Behind the strange spellings are some familiar names.  Two volumes of Vergil; two of Lucan.  “Oratius” I did not know but must be Horace, while Priscian is a grammar.  Three volumes of Boethius follow, then another on Aristotle.  Number 11 is a commentary on the Isagogue of Porphyry, followed by a commentary on the Peri Hermenias or De interpretatione which the cataloguer seems to realise is a translation from Greek into Latin.  Cicero is then well represented; and there are two copies of the Dream of Scipio, quoted by Macrobius and thereby preserved from Cicero’s De republica.

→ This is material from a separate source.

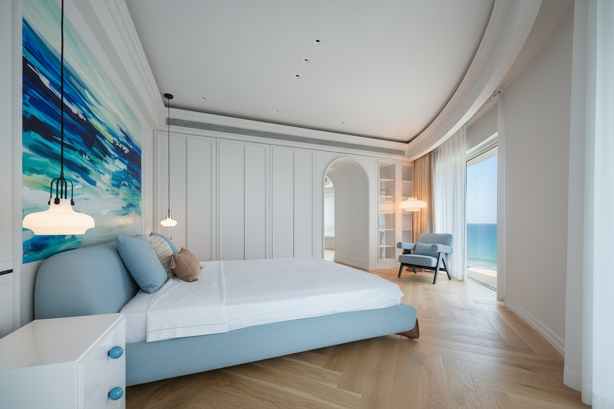 Light, breezy, and inspired by the sea. Whitewashed walls, blue accents, rattan textures, and soft linen create the perfect coastal escape feeling.

It’s not always clear which text is meant.  The monkish cataloguer had no list of works at his disposal, which he could consult in cases of uncertainty.  All he could do was read the rubrics at the head of each book and transcribe the sometimes corrupted entries. 

It’s an interesting game, to look at these entries and try to puzzle out what they mean.   I commend it to everyone.